One factor responsible for these emissions is the international travel many fast fashion garments embark on before reaching customers. In 2017, an investigation into a Zara ‘Made in Morocco’ dress found it had been to at least five countries before ending up on the shop floor – raw materials from Europe, fibres spun in Egypt, woven in China, dyed in Spain, sewn together in Morocco, packaged in Spain and then sent to Zara stores in either the UK, US or one of the other 91 countries where they stock.
And this international travel is not only causing detrimental environmental effects – the more hands a garment goes through, the harder it is to track back. Tracking where clothing has traveled is vital in making sure a company is protecting workers in its supply chain. Many brands simply don’t know where their raw materials come from or where they’re made – it’s blissful ignorance, and it’s on the part of us, the consumers, too.
Many brands simply don’t know where their raw materials come from or where they’re made – it’s blissful ignorance, and it’s on the part of us, the consumers, too.
Charlie Elizabeth Culverhouse
That’s why in 2015, Fashion Revolution created The Fashion Transparency Index, an annual report holding 250 of the world’s largest fashion brands and retailers to account. The report reviews the published information a brand shares on social and environmental topics such as animal welfare, biodiversity, chemicals, climate, due diligence, forced labour, freedom of association, gender equality, living wages, purchasing practices, supplier disclosure, waste and recycling, working conditions and more.
“Lack of transparency costs lives. When the Rana Plaza factory collapsed seven years ago, killing and injuring thousands of garment workers, people had to dig through the rubble looking for clothing labels in order to figure out which brands were producing clothes there. It is impossible for companies to make sure human rights are respected, working conditions are adequate and the environment is safeguarded without knowing where their products are being made. That’s why transparency is essential. It is the first step in holding brands to account for the human rights and environmental impacts of their practices,” Fashion Revolution explains in a statement on their website.
10%
of global carbon dioxide emissions are produced
by the fashion industry.
7%
of 250 of the world’s largest fashion brands were able
to publish information on the suppliers of their raw materials.
2%
of those brands have published a structured plan on
how they will achieve a living wage for all workers across
their supply chains.
How can companies ensure the workers in factories they use are being treated fairly if they don’t even know what factories they use? To further this, how can we hold companies accountable if we too don’t know what factories they use or how the people working in those factories are being treated? Transparency is key, it’s the only way to ensure humanitarian rights are being upheld. In turn, with companies creating ‘fairer trade’ products, consumers also benefit with better sourced products.

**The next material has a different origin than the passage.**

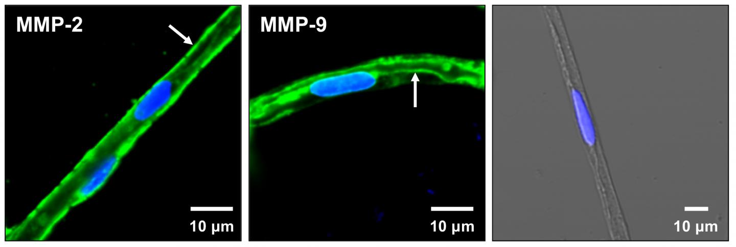 image: This is the representative immunostaining for MMP-2 (left), MMP-9 (middle) and the negative control (right; overlay of green, blue and transmitted light channels) in isolated rat brain capillaries. MMPs are shown in green; nuclei were counterstained with DAPI (blue).

In this year’s report, only 40% of the 250 brands included published their manufacturer list, 24% published some of their processing facilities and a mere 7% published some of their raw material suppliers. This leaves a mass of information unaccounted for, and we cannot turn a blind eye to the lack of transparency from these brands anymore. That’s why lobbyists, including Fashion Revolution, are pushing for it to be mandatory for brands to publish a full list of all suppliers and manufacturers used in the creation of a product.
Transparency and traceability are enablers of change.
Leslie Johnston, CEO of philanthropic enterprise The Laudes Foundation
Another disappointing finding from the report showed that only 2% of brands have published a structured plan on how they will achieve a living wage for all workers across their supply chains. This is devastating for the 4.1 million garment workers worldwide that are employed by Western fashion brands, many of whom struggle to afford life’s basic necessities.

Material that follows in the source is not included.